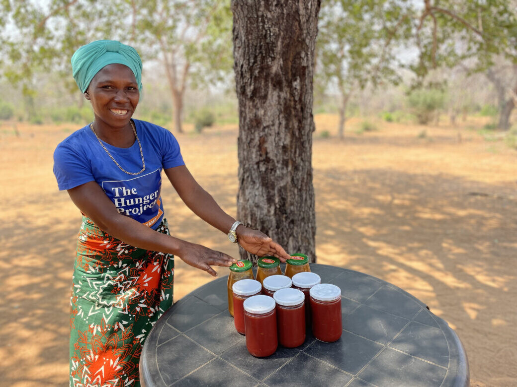 "I've learned how to process all my leftover tomatoes into a sauce. That's handy because it allows me to preserve my harvest for a longer time – in these jars, up to 3 months. I can either sell them or enjoy them myself." Alzira, from a village nearby Zinave National Park Mozambique Since 2021, The Hunger Project, in collaboration with Peace Parks Foundation, has initiated a project around Zinave National Park.
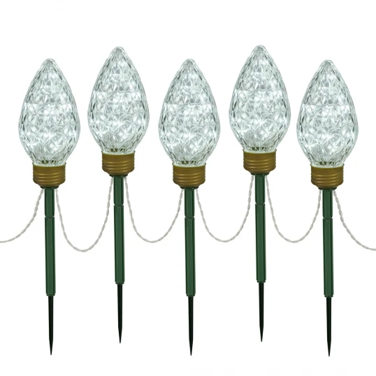 8.5 inch C9 LED Light Stakes with 100 Cool White LEDs. Here’s an unusual spin on Christmas lights for you: LED Light Stakes for the front lawn! Drive these Christmas bulbs into the ground to illuminate the walkway for your holiday guests. Choose from multicolored and cool white lights. Includes 100 lights.
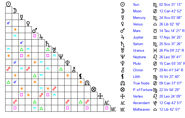 | Sun | 2 Scorpio 31 | 3 Scorpio 32 | 12 Aquarius 52 |

# Exercise goal:
Starting at the line that holds "8.5 inch C9" and ending at the last line of the material above, repeat each line exactly, both ends included, and leave the pictures out.

# Response to this task:
 8.5 inch C9 LED Light Stakes with 100 Cool White LEDs. Here’s an unusual spin on Christmas lights for you: LED Light Stakes for the front lawn! Drive these Christmas bulbs into the ground to illuminate the walkway for your holiday guests. Choose from multicolored and cool white lights. Includes 100 lights.
 | Sun | 2 Scorpio 31 | 3 Scorpio 32 | 12 Aquarius 52 |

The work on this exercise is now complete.